During an interview Sunday on ABC News, Mr. Austin stressed U.S. troops left the airport compound on Thursday to ferry in more than 100 Americans who couldn’t make it past the mass of people blocking access.
The mission he referred to involved 169 Americans who were told by officials from another country, reportedly British military officers on their own rescue mission, to gather at the Baron Hotel, located just outside Abbey Gate — one of the main entrances into the airfield.

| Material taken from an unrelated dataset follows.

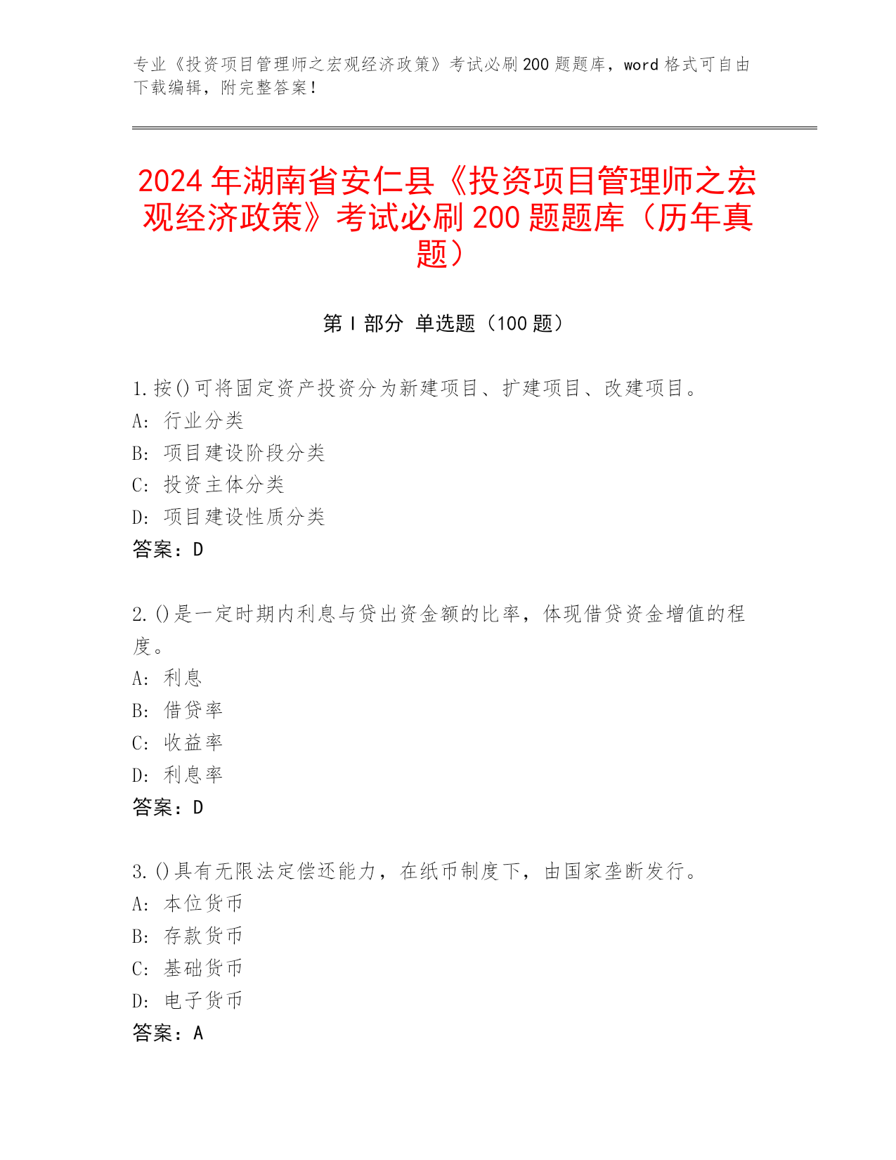 2024年湖南省安仁县《投资项目管理师之宏观经济政策》考试必刷200题真题带答案(最新)

When large crowds made it impossible for the Americans to get to Abbey Gate, U.S. military commanders sent a flight of three CH-47 helicopters to the hotel to pick them up and carry them to safety. “It helped 169 Americans get into the gate without issues,” Mr. Austin told ABC’s Martha Raddatz.
Ms. Raddatz, who said the mission saw U.S. forces going only “about a thousand yards” outside the airport, pressed the defense secretary for an explanation of why U.S. troops aren’t reaching further into Kabul to assist people, including U.S. passport-holding Americans, trapped behind the lines in a city now firmly under the control of the Taliban.
“We’re the most capable military in the world,” Ms. Raddatz said.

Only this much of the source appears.